Note that hotness may be combined with the solid-state device budget evaluation (step 410), as described below. Thus steps 408 and 410 need to be met before eviction to the solid-state device occurs at step 412; (a “not less than the lowest score” rule may also be enforced). Otherwise eviction is to the hard drive at step 414. Step 416 represents updating the metadata/any indexes as appropriate, e.g., to reflect the eviction.

Turning to write budgeting with respect to solid-state device cache writes, the amount of writes to the solid-state device is controllable to avoid wear by enforcing a budget per time period, such as writes per day or writes per hour, or the like. In general, when there is no more write-budget left within a period, writes are denied until the budget is refilled in the next period. Unused budget may rollover into the next time period.

In one implementation, a starting budget value (number of allowed writes) per time period may be based upon a desired lifetime of the solid-state device, based on predicted lifetimes for different solid-state device media, and/or for writes relative to reads. This value may change over time based upon actual usage, e.g., during a transition time. For example, if budget is unused (or is tending to be unused over multiple time periods), the threshold score (or hit count) of an object that needs to be met for writing to the solid-state device may be decreased. Conversely, if a budget is denying writes (or is tending to deny writes over multiple time periods), the threshold score for entering the cache may be increased. Thus, the budget policy provides for adaptively adjusting the value of writes to naturally maximize performance while not exceeding media durability.

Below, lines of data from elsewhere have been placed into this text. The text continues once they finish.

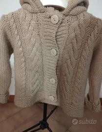 Prezzo Ribassato da 10 a 5€. Cardigan per neonata 12-18 mesi (80 cm) della linea Fagottino colore Beige. Presenta una classica lavorazione a maglia con motivi a trecce in rilievo, tipica dei capi invernali, caratterizzato da grandi bottoni tondi, che facilitano l'apertura frontale, e dalla presenza di un cappuccio. Per questo tipo di lavorazione "tricot" vengono impiegati filati morbidi in misto lana, acrilico o viscosa per garantire calore. Condizioni del prodotto Ottime. Il capo viene venduto sanificato e confezionato vedere ultima foto.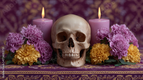 Colorful Skull Altar with Candles for Día de los Muertos Celebration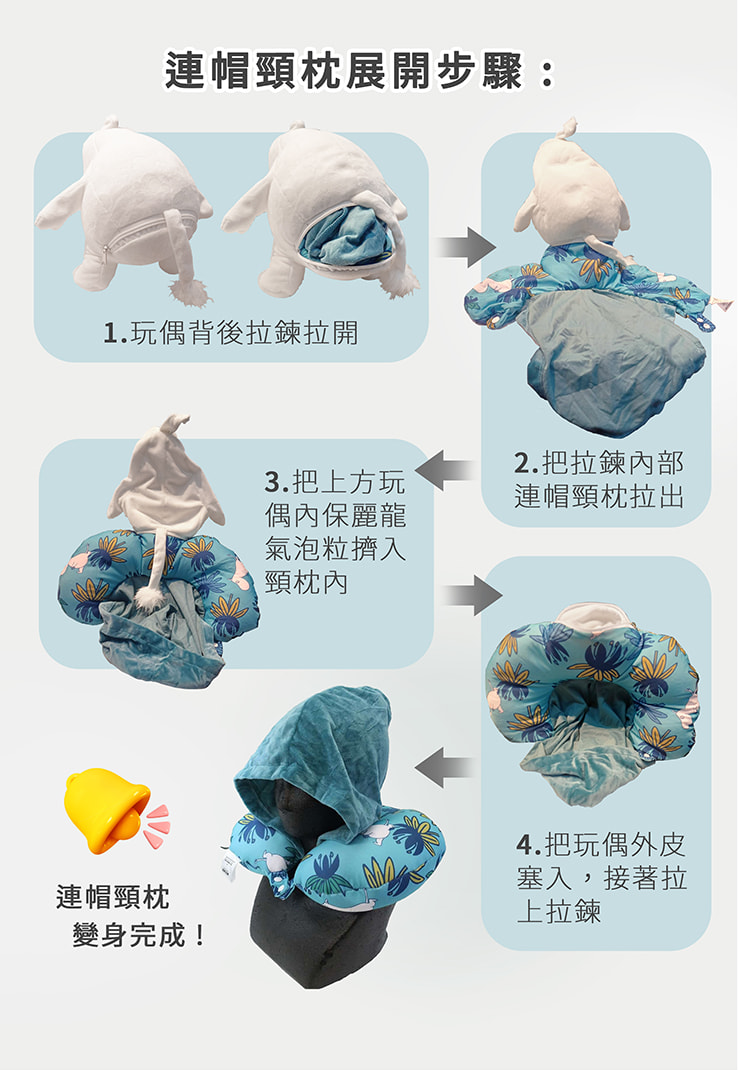 玩偶翻轉後成為頸枕--內部保麗龍顆粒帶來柔軟舒適感,頸枕的風帽讓您在睡覺時更有隱密性

As represented in FIG. 5, in one implementation the solid-state device cache (and/or hard drive) is arranged to store data in a log structured manner, in which multiple logs may be used, each with a target size, with sequential writes to a currently active log. The number of logs is configurable, e.g., there may be on the order of one-hundred 1 GB logs in a solid-state device cache having a 100 GB capacity. Step 502 represents writing an object to an active log.

In one implementation, to avoid excessive data movement within the solid-state device (or hard drive), which causes wear, when the target size of the active log is reached as evaluated at step 504, at step 506 the active log is sealed (from new writes) and a new log for writes opened to be the currently active log.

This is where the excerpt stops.